Often we want to split a plot up by different variables, for example, the users gender
. This is easy with ggplot2; we just add on an additional call to facet_wrap()
ggplot(cupid, aes(x = age)) +
geom_histogram(binwidth = 1) +
facet_wrap(~ sex) +
coord_cartesian(xlim = c(18, 80))
By splitting age by gender, two interesting features become apparent from figure 3.9
- There are many more male OK Cupid users than female (not surprising).
- The general age distribution looks similar between sexes.
- The most surprising aspect is that the spike in age 42 is due to female users. This could be by pure chance, users lying about their age, or a mistake in data entry.
3.4 Density plots
A downside of using a histogram, is that putting two histograms on top of each other makes the graphic cluttered and unclear (of course you can use panels as above). An alternative method is to use a kernel density estimator. Essentially we draw a line around the histogram.
ggplot(cupid, aes(x = age)) +
geom_density(aes(colour = sex)) +
xlim(c(18, 80))
Since the distributions are represented as lines, we can plot multiple distributions on top of each other. By plotting in this way, it becomes obvious the distributions of each gender are similar. However, we have smoothed over the bump at age 42.
3.4.1 Detailed explanation
This section aims to give gentle introduction to how kernel density plots are actually constructed. Behind the scenes, there’s some nice mathematical theory the underpins this graph. However, we’ll avoid the maths and concentrate on the intuition.

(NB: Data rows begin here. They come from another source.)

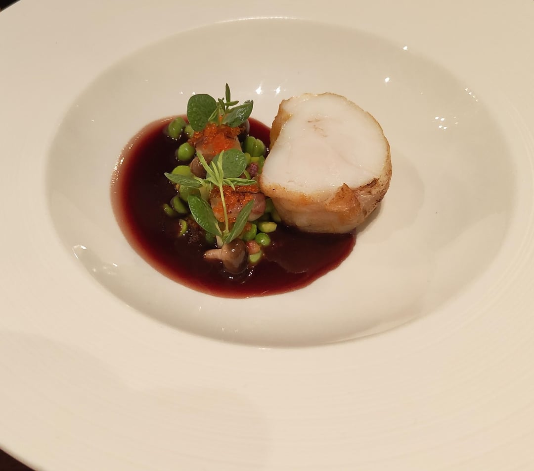 Course 3: Roasted monkfish with peas and bacon, was very surprised with how well the flavours came together on this one.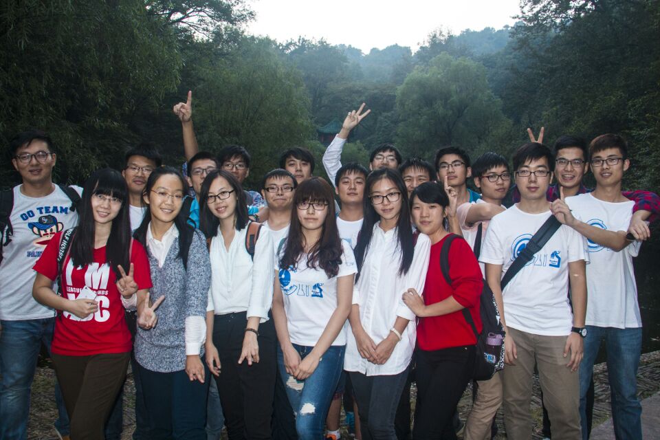 这是化学1303班的新学期的第一次团日活动,班长呼唤着所有的同学拍照。大家欢笑着排成几排,以爱晚亭为背景,欢号着,我们新学期的梦想。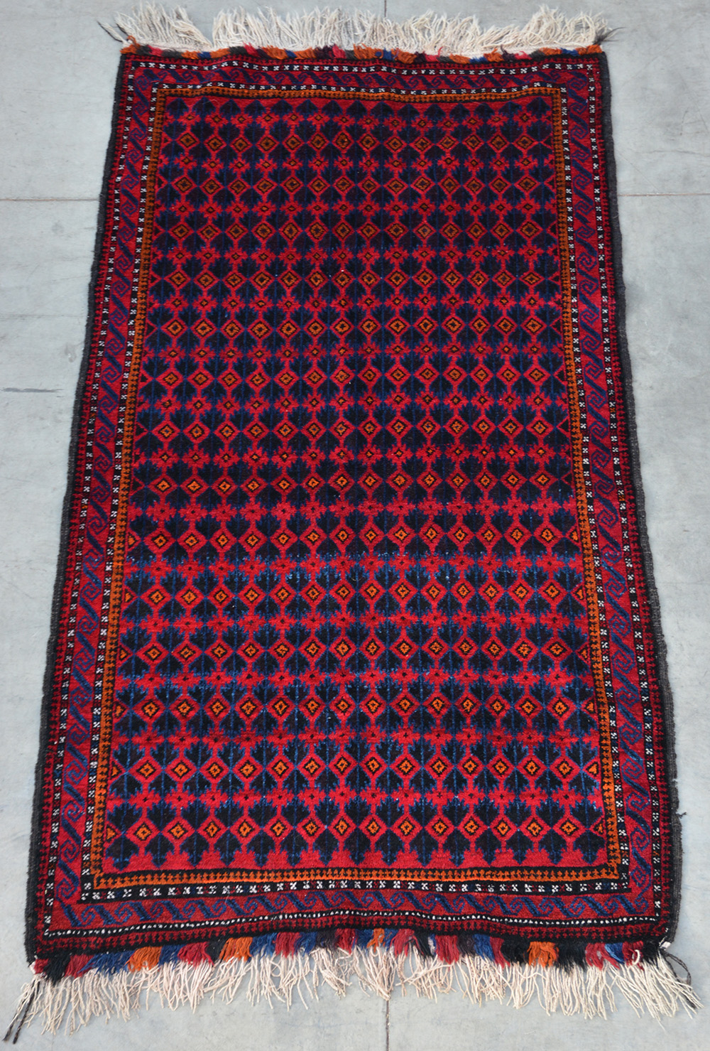 Tappeto Afghan, Turkestan occidentale, secolo XX. Disegno geometrico nei toni del blu, azzurro e arancio su fondo rosa shocking (cm 210x120) (difetti)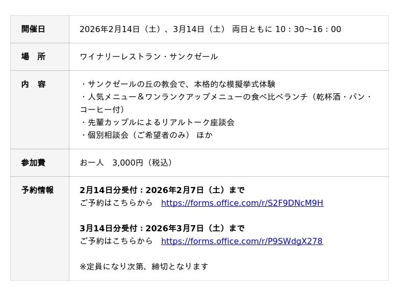 「久世福商店」、「St.Cousair(サンクゼール)」などの専門店を全国に約180店舗展開している、食品製造小売企業(食品SPA)の株式会社サンクゼール(本社:長野県飯綱町/代表取締役社長:久世良太)は、2026年2月と3月、サンクゼールの丘(長野県飯綱町)にてブライダルフェアを開催いたします。
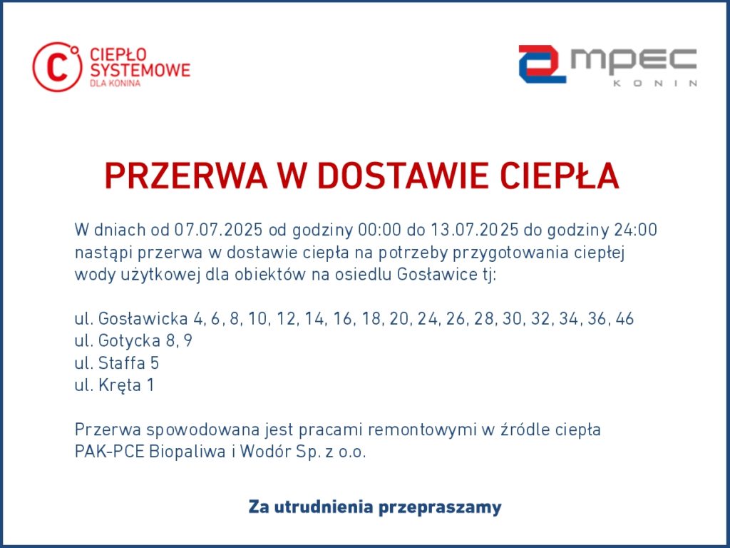 Przerwa w dostawie ciepła w Koninie – ważny komunikat MPEC! Sygnał 24 01/07/2025 Mniej niż 1 min. PROMOCJA KulturaStypendia Prezydenta Miasta Konina w dziedzinie kulturyRedakcja LP - 1 dzień ago0WydarzeniaZACHWYTNIKI 2025 – Wielkopolska pełna inspiracji!Redakcja - 20/10/20250ZdrowieNowoczesna Klinika Neurologii ICZMP – „Pomagamy Jak Umiemy” RossmannRedakcja LP - 14/10/20250AktualnościROSSMANN „MOJA DROGERIA” – NOWY WYMIAR ZAKUPÓW I BLISKOŚCIRedakcja - 10/10/20250AktualnościNoc Zawodowców 2025 w Kole – młodzież odkrywała zawody przyszłościRedakcja LP - 06/10/20250 FacebookTwitterWhatsApp MASZ WAŻNĄ WIADOMOŚĆ? Prześlij do naszej redakcji zdjęcie, film, lub informację! +48 63 242 01 01 - Reklama - PROMOCJA KulturaStypendia Prezydenta Miasta Konina w dziedzinie kulturyRedakcja LP - 1 dzień ago0WydarzeniaZACHWYTNIKI 2025 – Wielkopolska pełna inspiracji!Redakcja - 20/10/20250ZdrowieNowoczesna Klinika Neurologii ICZMP – „Pomagamy Jak Umiemy” RossmannRedakcja LP - 14/10/20250AktualnościROSSMANN „MOJA DROGERIA” – NOWY WYMIAR ZAKUPÓW I BLISKOŚCIRedakcja - 10/10/20250AktualnościNoc Zawodowców 2025 w Kole – młodzież odkrywała zawody przyszłościRedakcja LP - 06/10/20250 TagiDostawa ciepłaGosławiceKoninMPECPrzerwautrudnienia Redakcjahttps://konin24.info Szukaj Konin zachmurzenie umiarkowane enter location 12.7 ° C 12.7 ° 12.7 ° 72 % 7kmh 67 % śr. 13 ° czw. 12 ° pt. 11 ° sob. 14 ° niedz. 14 ° Sygnał24INFO Wyłączenie sygnalizacji świetlnej na skrzyżowaniu Przemysłowa – Paderewskiego w Koninie 29/10/2025 Uwaga! Fałszywi ankieterzy w gminie Kramsk – ważny komunikat dla mieszkańców 28/10/2025 Tymczasowa zmiana organizacji ruchu w Wilczogórze 28/10/2025 Urząd Miejski w Golinie będzie nieczynny 10 listopada 28/10/2025 Dewastował kosz na śmieci – interweniowała Straż Miejska w Koninie 28/10/2025 Poprzedni artykułPunkt sprzedaży biletów MZK – zmiana godzin otwarciaNastępny artykułKonin gospodarzem X Seminarium TPOK – rozmowy o innowacjach i transformacji energetycznej Mogłeś przegapić Wyłączenie sygnalizacji świetlnej na skrzyżowaniu Przemysłowa – Paderewskiego w Koninie Sygnał 24 29/10/2025 Uwaga! Fałszywi ankieterzy w gminie Kramsk – ważny komunikat dla mieszkańców Kramsk 28/10/2025 Tymczasowa zmiana organizacji ruchu w Wilczogórze Wilczyn 28/10/2025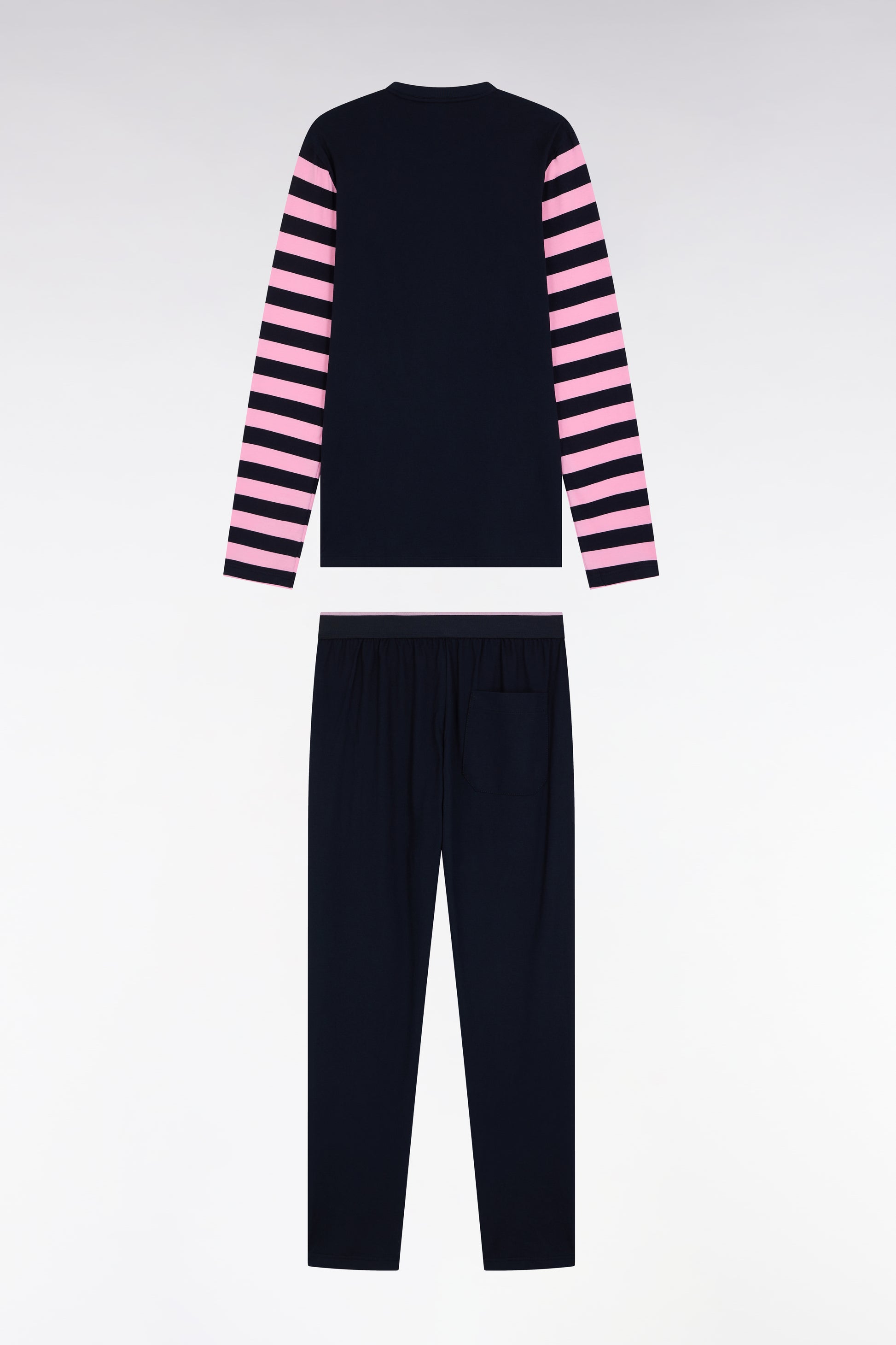 Long pyjamas in navy cotton jersey with striped sleeves - A SHOOTER

Suppose we have three points: (-2, -1, 2). These points are shown in figure 3.11 (a) as blue crosses. Around each point we draw a kernel - figure 3.11 (b). The kernel can be any non-negative (but typically symmetric) function that integrates to one. For example, it could be a
- rectangle;
- triangle;
- Gaussian (or Normal) density;
- Epanechnikov function.
In this example, we’ll use the most common kernel, a Gaussian or bell shaped curve. Next we combine the kernels around each point into a single common curve (figure 3.11 c). Finally, we normalise the area under the kernel to be \(1\).
The tricky mathematical part deals with what kernel we should use and how wide that kernel should be. A wide kernel has the effect of flattening out our histogram shape, similar to having fewer bins. A narrow kernel has the opposite effect. Intuitively, when we have many points, the kernel should be narrower.
3.5 Boxplots
A box and whisker plot, sometimes simply called a boxplot, is another way to represent continuous data. This kind of plot is particularly useful for comparing two or more groups, by placing the boxplots side-by side.
The central bar in the “box” is the sample median. The top and bottom of the box represent the upper and lower sample quartiles. Just as the median represents the 50% point of the data, the lower and upper quartiles represent the 25% and 75% points respectively.
local(source("code/f3_boxplot.R"))
The lower whisker is drawn from the lower end of the box to the smallest value that is no smaller than 1.5IQR below the lower quartile. Similarly, the upper whisker is drawn from the middle of the upper end of the box to the largest value that is no larger than 1.5IQR above the upper quantile. Points outside the whiskers are classified as outliers.
If we wanted to compared how age varies by income level5 then a boxplot is perfect
# Missing values are represented with a -1
ggplot(cupid, aes(x = income, y = age)) +
geom_boxplot()
The figure highlights a gradual increase of income with age. However, for extreme incomes it drops. I suspect this pattern is particular to San Francisco!
3.6 Barplots
A bar chart or bar graph is a chart that presents grouped data with rectangular bars with lengths proportional to the values that they represent. The bars can be plotted vertically or horizontally.
Let’s look again at the bond dataset. To determine the number movies by each star we use geom_bar()
ggplot(bond) +
geom_bar(aes(x = Actor))
Typically ordering the axis alphabetically isn’t best. In this case, we could order the either by the number of movies, or by the date the actor first appeared. Again with a few minor tweaks we can go from a plot that is OK, to a plot that is informative and attractive.